In un’ottica di psicoterapia della Gestalt, i concetti di totalità e individualità rappresentano due momenti distinti, ma co-presenti, che attraverso un’armonizzazione dinamica, una ricerca continua di equilibrio tra tutte le dimensioni dell’individuo, da quella corporea fino a quella spirituale, delineano i flessibili confini tra l’ambiente e l’uomo, tracciandone un’area virtualmente condivisa. Questo eterno fluire, un passaggio continuo tra essere e divenire, potenza e atto, rappresenta l’energia con cui l’uomo si muove e si relaziona all’interno del campo vitale.

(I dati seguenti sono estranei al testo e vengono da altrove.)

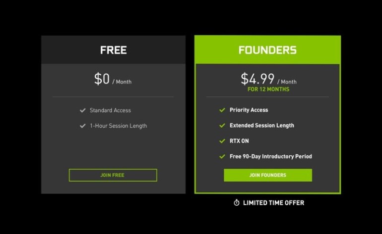 Έγινε δοκιμαστικά διαθέσιμη η υπηρεσία πριν μερικές ημέρες και στη χώρα μας. Η υπηρεσία διαθέτει δύο μοντέλα: ένα δωρεάν που επιτρέπει δοκιμή για μονόωρα sessions και μία επί πληρωμή (€5,49/μήνα), που επιτρέπει απεριόριστο χρόνο χρήσης, αλλά και χρήση ray-tracing στα παιχνίδια που το υποστηρίζουν, ενώ παράλληλα προσφέρει και “προτεραιότητα” για τη χρήση.
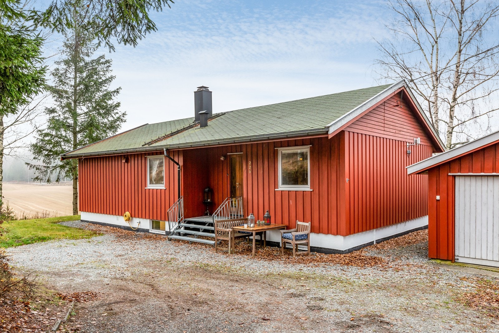 halv etasje med grunnflate på 43 kvm. Kårboligen på eiendommen, som ble oppført i 1975, ligger ca. 200
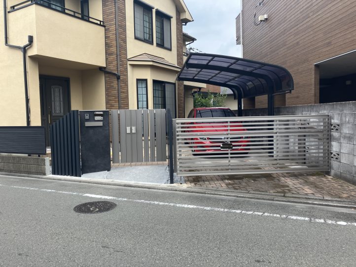 施工前はオーバーゲートではなく、伸縮門扉を開け閉めして出入りされていましたが、毎日使用する中だと使い勝手が悪く、前面道路も交通量が多いため、外出時は開けっ放しになっていました。

Per l’approccio descritto da Polster, la connessione, ha la funzione di pacificare le manifestazioni tra totalità e l’individualità che altrimenti parrebbero discordanti. Secondo l’autore quando la connessione tra individuazione e appartenenza avviene in modo fluido, senza pressioni dell’ambiente, l’individuo può sperimentare maggiormente il suo senso interiore di persona umana che trascende se stessa, per mezzo della sua stessa esistenza. Martin Heidegger, a riguardo, afferma: “Ad ogni pensante è assegnata sempre e soltanto una via, la sua: nelle cui tracce egli deve sempre vagare, per attenersi infine a essa come alla propria via, la quale però mai gli appartiene”. Uno degli scopi della psicoterapia gestaltica è quello di reintegrare la frammentazione di parti alienate della persona in un insieme coerente e coeso. Le polarità del sé, che in alcune patologie sono maggiormente frammentate, alterate o addirittura negate, con la funzione della connessione, vengono riconosciute e unite tra loro come file di una stessa trama. Questo processo di riappropriazione di “frammenti” del sé è lento e faticoso e niente affatto spontaneo. Polster parla di connessioni per descrivere analiticamente i processi psichici superiori e di come il terapeuta possa utilizzare questo tipo di atteggiamento durante la terapia attraverso quattro dimensioni: momento, evento, persona e self.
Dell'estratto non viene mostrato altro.